バルカス領に活気が戻り、新道の運営も軌道に乗り始めた。だが、それは同時に凄まじい量の「事務作業」が発生したことを意味していた。


学園の自室。そこには、大量の羊皮紙の山と格闘する二人の少女の姿があった。


「もう……! ディエス様が現場で好き勝手暴れるから、契約書の修正が追いつきません!」


青い髪を一つに束ね、徹夜明けのくまをうっすら浮かべてペンを走らせるのは、筆頭従者のリナだ。 本来は「氷の魔女」として世界を凍りつかせるはずの彼女は、今やディエスの放り出した書類を神速の演算能力で片付ける、最強の事務官と化していた。知的な眼鏡の奥の瞳は、過労とディエスへのツッコミ欲求で鋭く光っている。


「……リナ、無理しすぎ。……ディエス様の背中、見てれば……疲れ、飛ぶ……」


対照的に、野営のための保存食の整理をしているのは料理担当のエルザだ。


銀髪をさらりと流し、透き通るような肌を持つ彼女は、ディエスのいない世界では「孤独な剣鬼」と呼ばれるはずだった。


だが今は、ディエスの圧倒的な暴力パワーに魅了された忠実な猟犬だ。


彼女は時折、隣で眠るディエスの丸太のような二の腕に指で触れ、その硬度を確認してはうっとりと頬を染めていた。
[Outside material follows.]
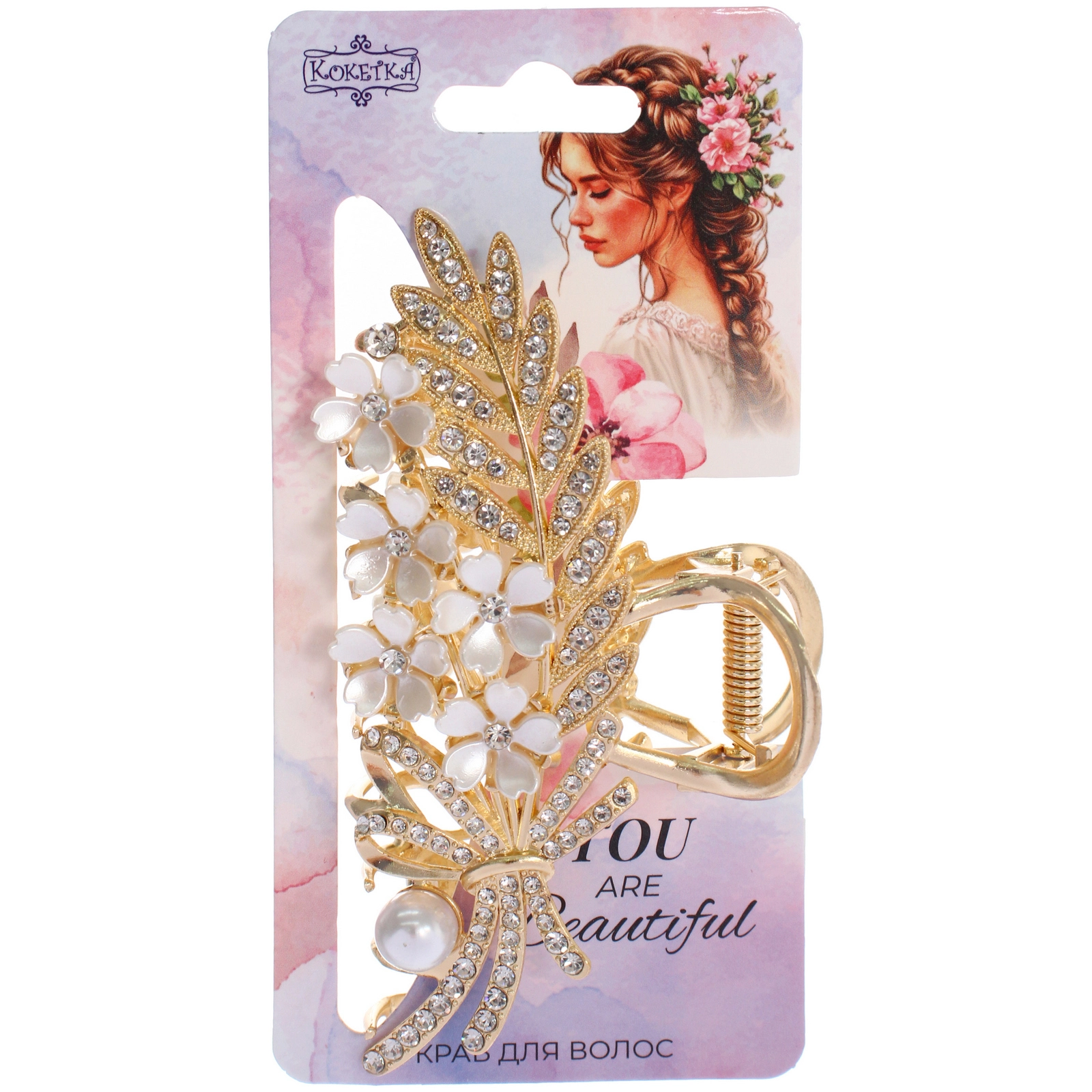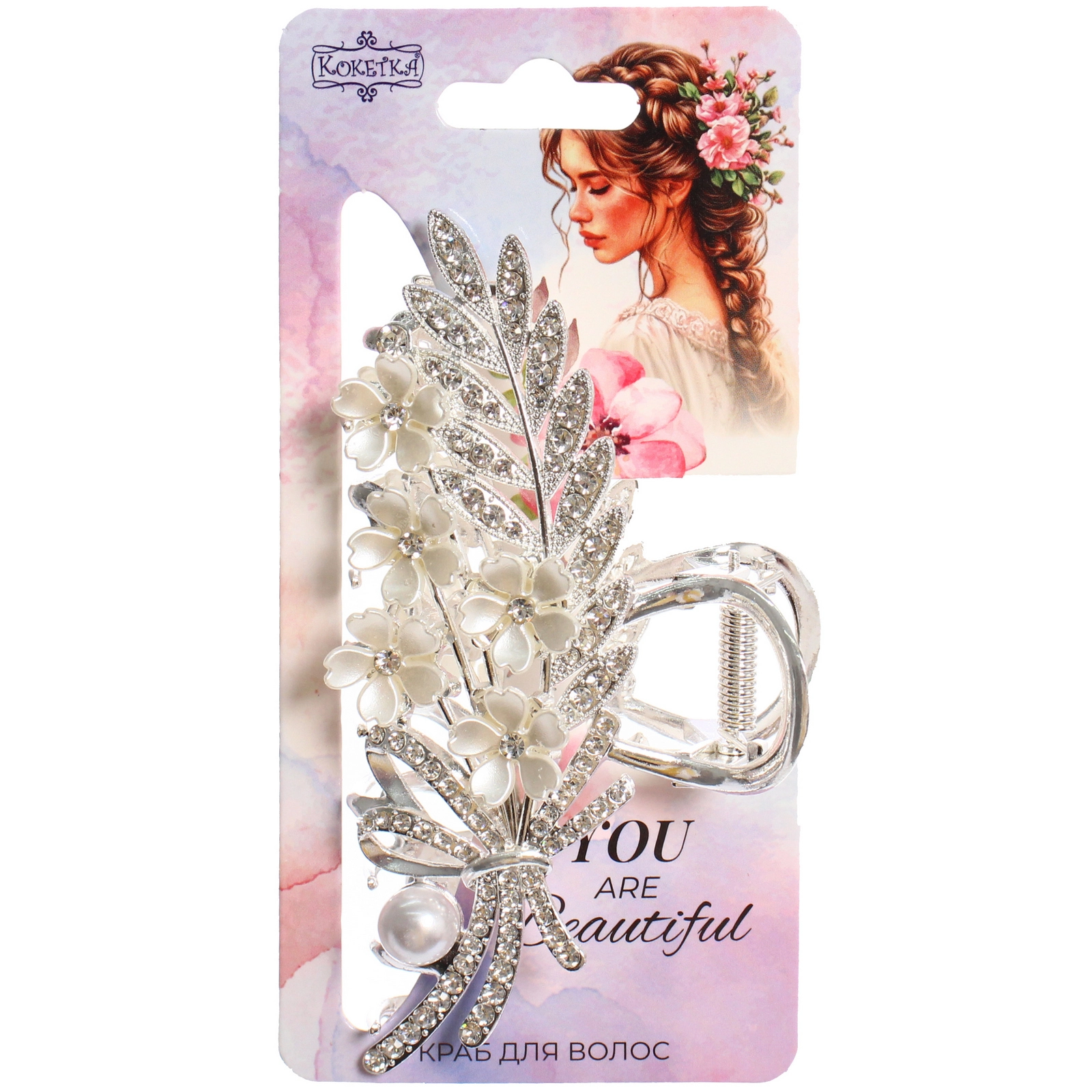 Элегантная заколка-краб «Кокетка» — это стильный аксессуар, который превратит вашу повседневную прическу в изысканную и ухоженную. Ее декоративная часть в виде цветущей веточки, украшенной стразами и жемчугом, добавит образу нотку романтики и женственности, а надежный механизм обеспечит крепкую фиксацию даже самых непослушных прядей.

「エルザ! 貴女も甘やかさないでください! ……ほら、主様! 起きてください!」


「……ん? ……ふんぬぅぅぅっ!!」


リナの怒声に、椅子に深く沈み込んでいた巨躯が跳ね上がった。 ディエスが背筋を伸ばすと、制服の背中が**「バリバリッ」**と嫌な音を立てる。


「……お、おうリナ。書類か? 俺の目には、この文字が全部『プロテインの成分表』に見えてきてダメだ。三行読むと、筋肉が休止モードに入っちまう」


「ただの居眠りですよね!? 貴方の夢である『開拓地でゴロゴロ』を実現させるために、私がどれだけ領地経営の勉強をしてると思ってるんですか!」


「ガハハ! 頼りにしてるぜ、俺の相棒パートナー。お前が頭脳で、俺が筋肉。これぞ最強のフォーメーションだろ?」


ディエスがはち切れんばかりの大胸筋をピクピクと躍動させると、リナは「その筋肉で誤魔化されない……はずだったのに……」と顔を赤くして俯いた。


「……ディエス様……お腹、空いた……? ……お肉、焼いた……」


エルザが無表情ながらも甲斐甲斐しく、山盛りの赤身肉を差し出す。 「おお、分かってるなエルザ!」と肉を食らう主の姿を見ながら、リナは溜息をつきつつも、再びペンを握った。


「全く……この人は私たちがいないと本当にダメなんですから。……でも、その分は私が完璧に支えてあげますけど」


主の野蛮な咀嚼音と、エルザの熱い視線。 そしてリナの計算機の弾ける音。 嵐の予感を前にした、バルカス家主従の騒がしくも温かい日常の一コマだった。